DB: You point to a scar on your wrist.
CP: Yes. A scar on my wrist.
DB: About a five-inch scar.
CP: Yes. Six inches. He tried to get in...you could smell them. First of all, you could smell them. Secondly, you could sort of sense him.
DB: This is in Luzon now, or Leyte?
CP: This is Leyte. And Aubry Miller was sound asleep. It must have been about four in the morning. Three in the morning. Something like that. You also sense them. Then I saw this one little light blocked out and thought, here it comes. So he rushed and I had my left hand up. I grabbed him by the shoulder, and I had my knife and killed him and then rolled him out. There’s little Aubry Miller. Suddenly he woke up and said, “What’s going on?” I said, “I’ll show you in the morning.”
DB: Was it his bayonet that got you on the wrist?
CP: No. It was his hand. They wouldn’t come in with a bayonet. They would come in...and I’ve got his rifle at home, by the way...in a glass case. They wouldn’t come in with a bayonet. They would have a rifle tied onto their back. Strapped on the back. But they’d have a hand knife. They wanted to stab you. You had to keep your composure as it is getting closer and closer. There is a book that deals with this sort of experience.
DB: Is that The Rising Sun, I think?
CP: The Rising Sun, in which there were interviews of officers of the 511 Parachute Regiment who talk about the Banzai attacks. And in the morning you find bodies four or five deep, stacked up. Because, when they really start getting very close together, then you do shoot back. But you don’t shoot from a distance. You wait until they’re right on top of you.
...They just come like madmen. Just like madmen. Without any sense of rationality. I mean just...mad. Infuriatingly mad. We had our weapons, and the M-1 was an automatic rifle. You just kill them. They had single bullets. Their equipment was not at all like ours. So then out of their fury they’d rush.
It was all so terrible. All so terrible. It’s just...the worst part was...it started getting dark at night and you hear this “Hoi” and “Hoi” and “Hoi,” all around. So you’d know you’re surrounded. First of all, you know you’re surrounded. Then you wonder, my God, here we are now.

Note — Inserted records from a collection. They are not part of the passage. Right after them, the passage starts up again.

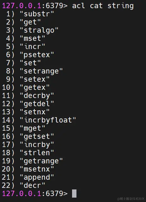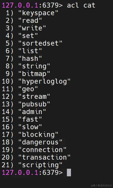 acl cat命令- 查看添加权限指令类别(具体的命令有那些)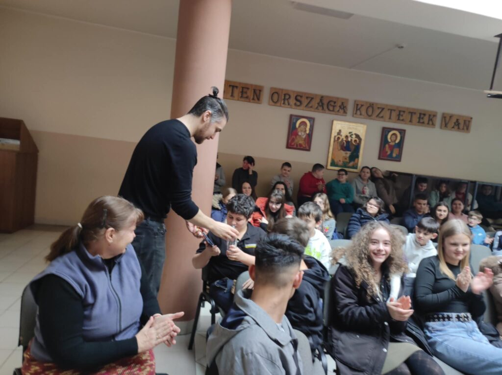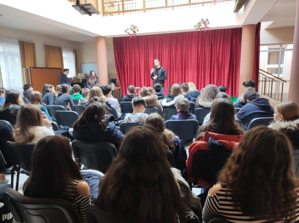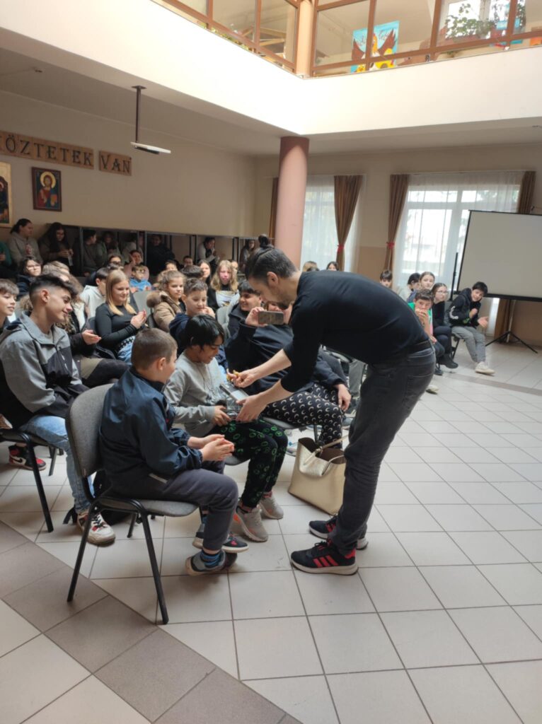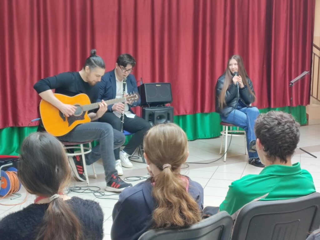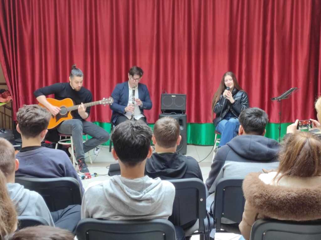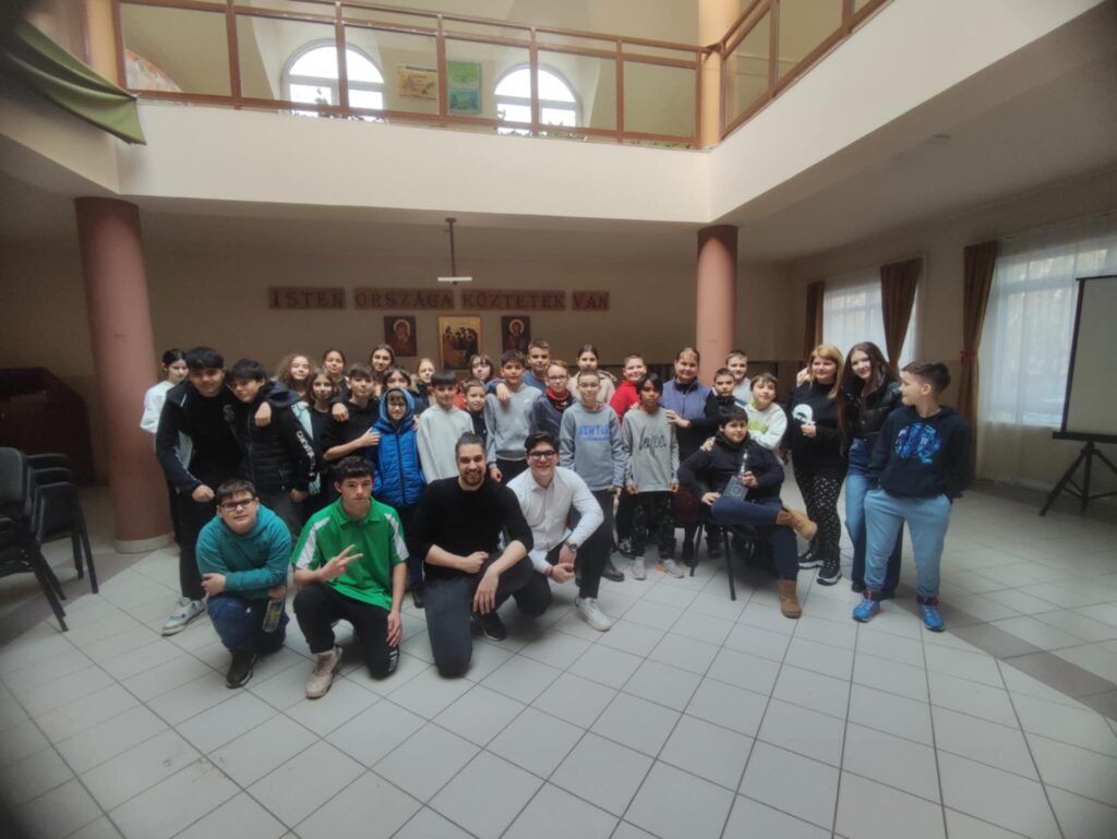 Február 5-én délben 6-7. évfolyamos diákjainknak különleges élményben volt részük. A Lázár Ervin Program keretében ismét ellátogattak hozzánk a Kis Virtuózok formáció tagjai, akik hangszerrel, énekkel zenetörténeti kirándulásra invitálták a lelkes közönséget. Zenés műsoruk széles palettáján helyet kapott a klasszikusok mellett a modern zene egy-egy nagy alakja is. KGYZE
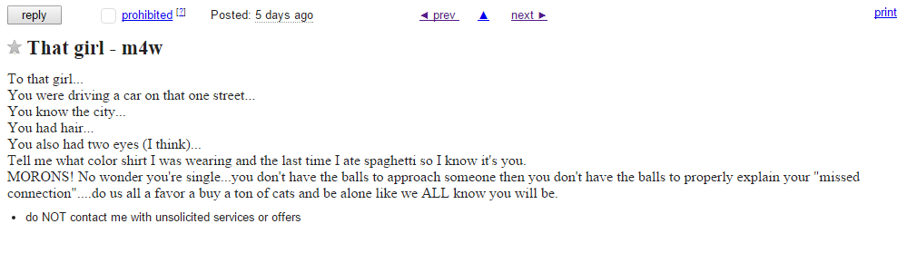 After a 12 day hiatus we’re back with a vengeance this week with our Cleveland Craiglist Missed Connections weekly feature. Searching the depths of Craigslist to bring you the finest missed connections postings from the finest Northeast Ohioans on the Internet. Some posts are looking for love, some are looking to hook up, none of them will work.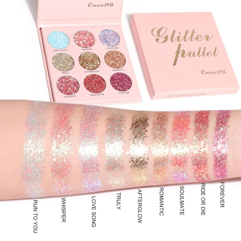 - FULL GLITTER EYESHADOW - A pressed glitter eyeshadow palette featuring 9 dazzling shades. Get a luminescent glow and savage metallic finish that drive seamen wild.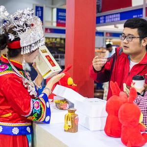 3月29日,在湖南国际会展中心,一名女子通过直播推销商品。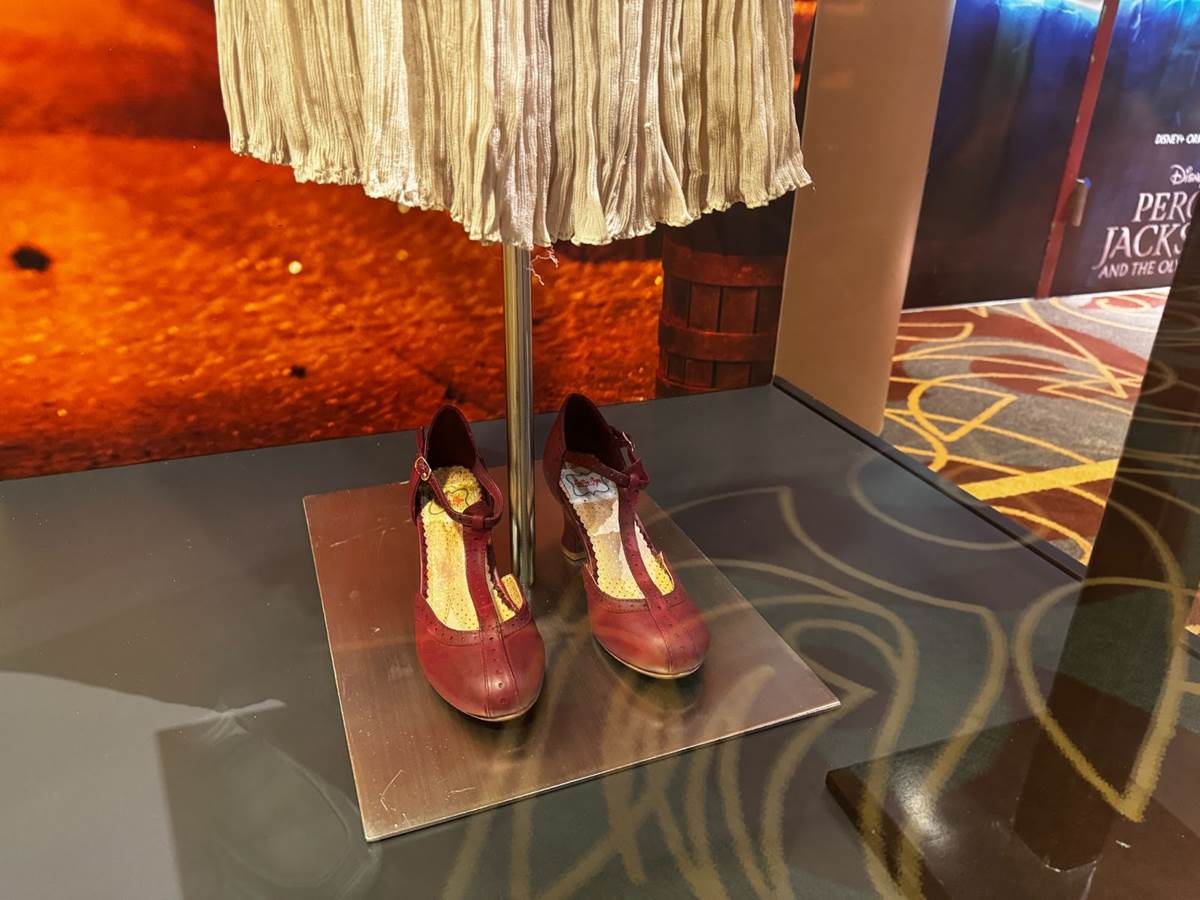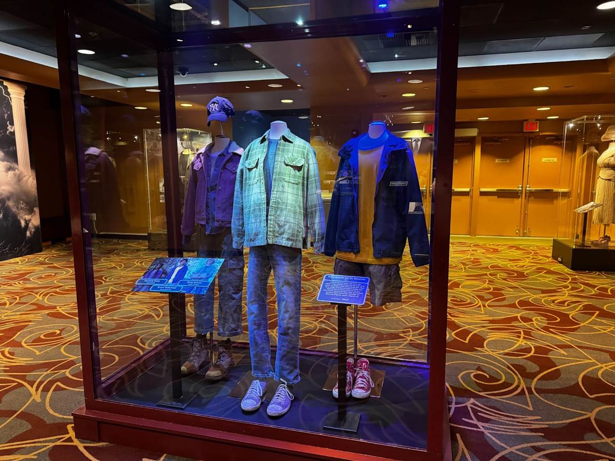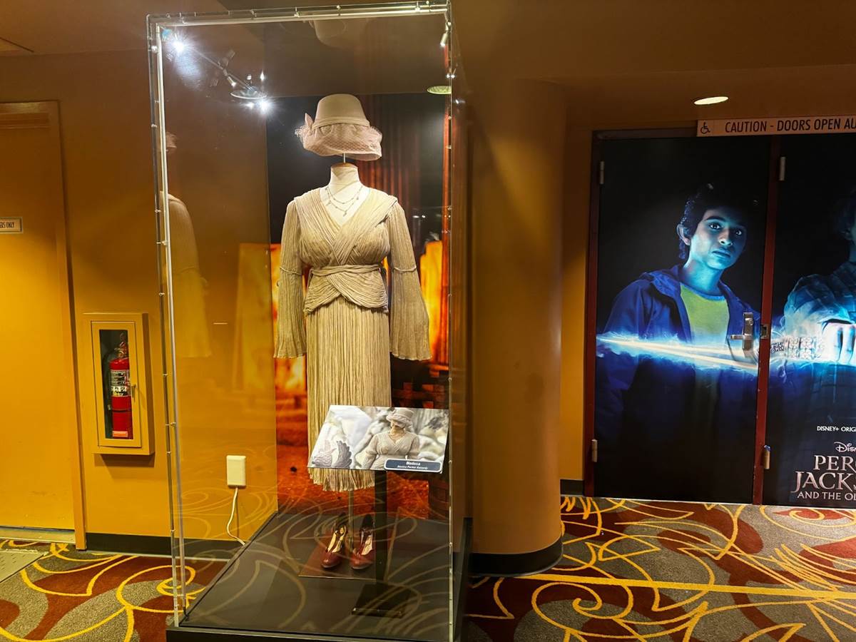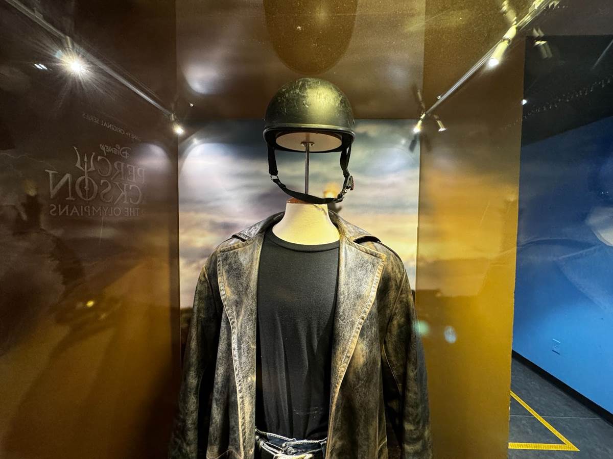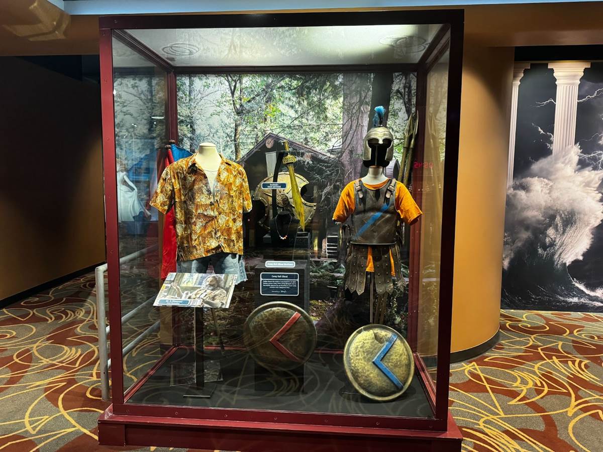 At the end of the exhibit is a lobby, a waiting area to the post-show theater. Glass display cases house costumes and props from the series, starting with costumes worn by Walker Scobell (Percy Jackson), Leah Sava Jeffries (Annabeth Chase), and Aryan Simhadri (Grover Underwood).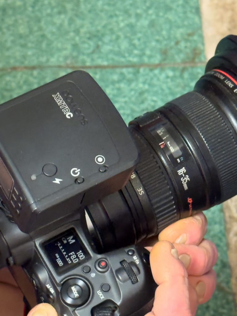 To better understand his technique I was careful to notice what he was setting his camera to for the shots. In the image above you can see the 16-35mm with adapter, the flash trigger and the fact that he was set in Manual mode, with an ISO set to 1000, the aperture held at f/8 and a shutter speed of 1/100th seconds. Whilst this might seem a high iso, the Canon RF cameras are great at low light with higher ISOs and hardly any digital noise appearing in the shots. In fact, my 5D MkIV is great at higher ISO photos and I use it rather than anything else for night time or low light shoots, a possible change to a R5 is coming at the Photography Show in March but we’ll see. The f/8 aperture is also a perfect spot on the lens and sees less distortion and other problems than if at the ends.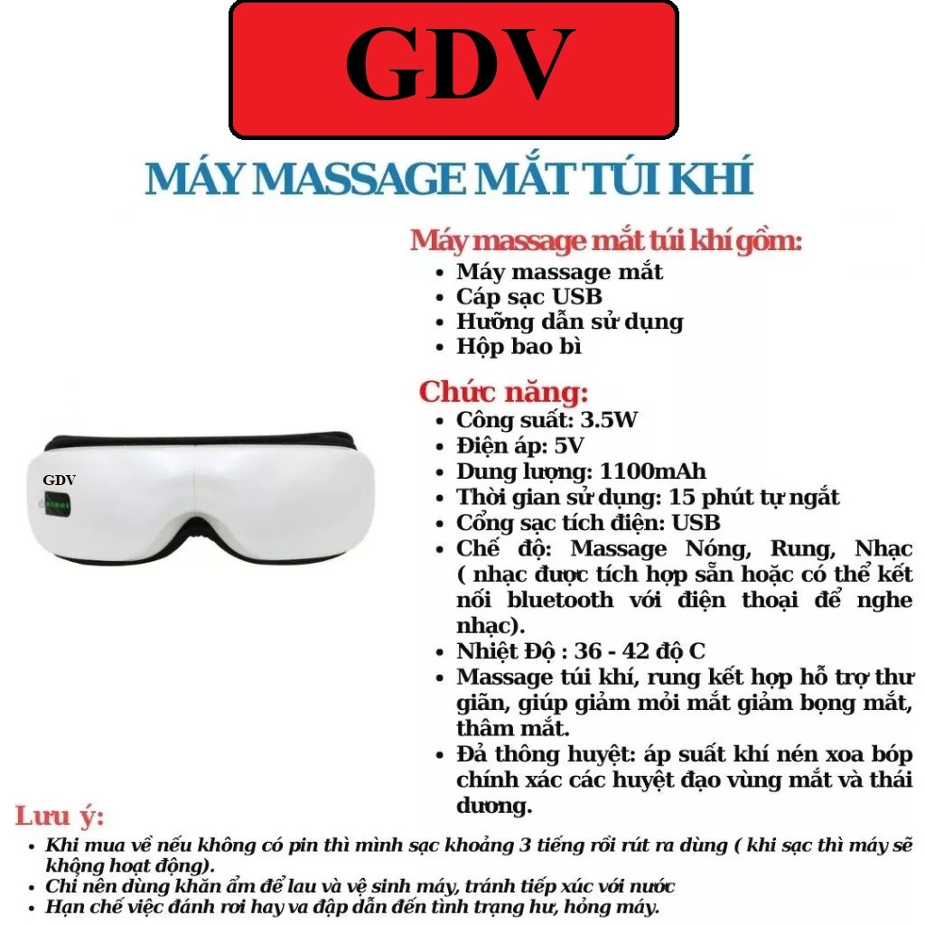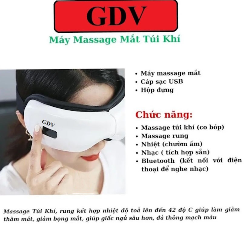 Máy Massage Mắt GDV Kết Hợp Chế Độ Rung Kết Nối Bluetooth, Làm Giảm Căng Thẳng Mệt Mỏi Và Lưu Thông Máu Cho Mắt - Hàng Chính Hãng công nghệ khí nén, Giảm quầng thâm,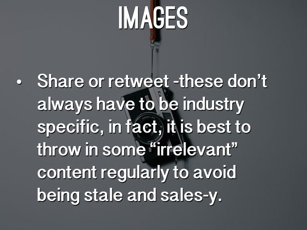 Share or retweet -these don’t always have to be industry specific, in fact, it is best to throw in some “irrelevant” content regularly to avoid being stale and sales-y.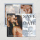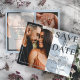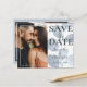 Elegante anúncio de save the date em azul empoeirado é perfeito para colocar seus planos de casamento em movimento. Apresenta um modelo de foto exclusivo e tipografia 'save the date' grande com a adição de um grande motivo de eucalipto, tudo em um fundo branco. Personalize com seus próprios detalhes.

Like, for instance, after five days, you’ve not eaten anything and you know you’re not as strong as you were in day one, and you wonder, are we going to make it tonight or are we all going to be killed? Is this the night we’re all going to be killed? And so you...it was terrible.
Source
Platou, Carl; Douglas Bekke, Interviewer, Carl Platou Oral History Interview. Minnesota's Greatest Generation Oral History Project, Minnesota Historical Society, 2007.